I will never blog again. Blogging is just not natural for me. I do not express myself through writing. Some people said that they sometimes found it difficult to write when the prompt didn't inspire them, but at other times the writing flowed naturally. The writing never flowed naturally for me, even when the prompt provoked a strong internal dialogue or an interesting opinion. I literally have to sit at the keyboard and force the words out every time. Maybe I don't think linearly enough, or maybe I'm secretly a babbling lunatic, but I have to jump around the page, writing down multiple ideas at one time. This is after I've picked a topic, after I know what I'm writing about, and after I have some semblance of a plan for what I'm going to write. I'd still rather gouge out my eyes than write a blog post. It feels like trying to walk on my hands blindfolded or being lost in a cornfield with no shoes or eating Raisin Bran with eyeglass screws mixed in. It's uncomfortable, disorienting, and exhausting.
The only time the writing even came close to flowing was during my post about how it feels to be freshman, a post which I am not including in this 'best-of' because I don't know whether or not I agree with the conclusions I drew in it. The beginning of the post was great--telling the story of my first few weeks on campus was almost fun, even though I was writing it; however the point of the post was to describe freshmen's opportunities to interact with upperclassmen, and I don't really think I accomplished that at all. I just can't imagine that my experience freshman year is generalizable enough to comment on all 7000 freshmen's chances to talk to juniors and seniors, especially since I was definitely not seeking those relationships myself at that time.

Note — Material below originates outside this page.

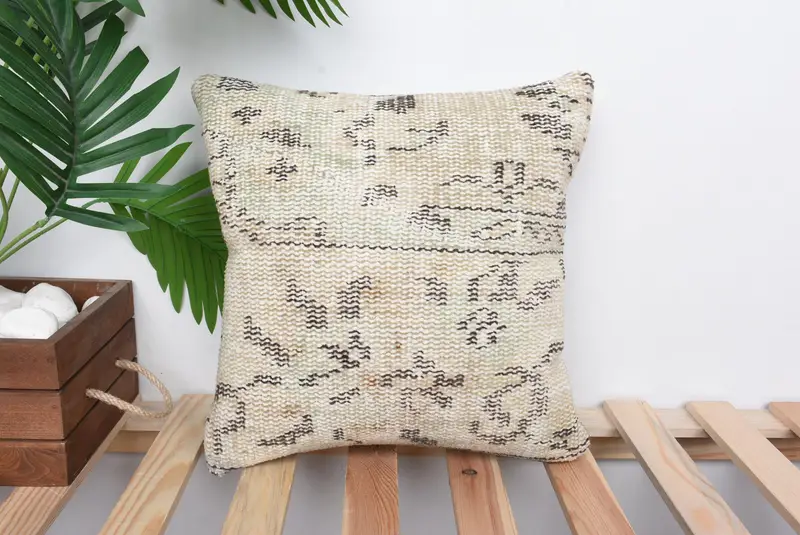 Beige & braun floral besticktes Wurfkissen, handgemachtes Vintage Kissen

The first post I am including is this one about zebra mussels. I think this post is pretty indicative of my writing before the course. I wrote in report format: that is the only type of writing I knew. I think I was able to provide a detailed picture of the situation, and I think my writing was competent; however, I don't think that my tone was at all developed. I was writing a report, not a blog post. I was being objective, not subjective. I was telling about a situation, not commenting on it. No matter how well or poorly written the post was, it missed the point of the blogging medium.
The second post I am including is this one about alignment. By this time, I think that I had developed more of a blog-type voice. I was writing more from my point of view rather that as an outsider. I was voicing an opinion, not just fact. I think some of my personality came through, especially at the end. I really am a humorous person, although I wouldn't guess that that has become apparent through my blog or my interactions with others in the class. The one sentence that I wrote all semester that best reflects who I am and my attitudes toward the world in general is the last one of the post: "The pessimist in me wants to return to the rowing analogy: When we pull together, we go places, but we're all still slaves on a Roman Galley." Incidentally, I feel much more qualified to write a 'worst-of' than a 'best-of.'
The third post I am including is this one about thought processes and communication. This post was a long time in coming. I had been struggling with issues regarding communication the whole semester, and they really came to a head when I was writing my book review and receiving feedback about it. I just couldn't seem to communicate what I thought about the book in any sort of manner that allowed others to pick up on it. I don't think my views of the book were not valuable, and I don't think they were any less valid for being mostly negative. At the same time, I just couldn't convey what I thought without sounding as if I'd entirely missed the point of the book. I also tried something new with this post: I brought in an idea that I'd been thinking about outside of class; that is, the mental and physical selves (which Senge talks about too on p151-156! The theme is echoed throughout the section on mental models, though I don't think the terminology arises again) . I tried to write what I knew rather than trying to develop entirely new ideas. I tried to be an expert for a bit instead of always venturing a novice's guesses. Ironically, this post about communication had a rough comments section with some failures of communication present.
The last post I am including is this one about learning. I really liked this post because of the serendipity that allowed me to write it. I had some well-formed ideas about my own learning, but I didn't have any way to make them interesting. I had no story. I had no framework for expressing my ideas. I went to the EWS computer lab after one of my classes to sit down and hash out the blog post, and that was when I inadvertently chose a seat next to someone who was taking some of the classes I took freshman year. It provided me with a perfect 'grab' for the beginning of the post to get the reader's attention. It allowed me to write about more abstract ideas through a concrete example. The situation gave me a grounded topic to write about--something I've struggled with all semester. This was the closest I ever came to actually wanting to post something to my blog because I had a current, relevant situation in my life to write about.
I learned a lot by blogging. I developed a new skill. I am proud of what I've written. I am glad I took the class. I still don't think I will blog again. Writing a post feels like running a mile: it's a huge chore, but I feel like I've improved myself. Even though I do think I will continue running, blogging is simply too painful for me.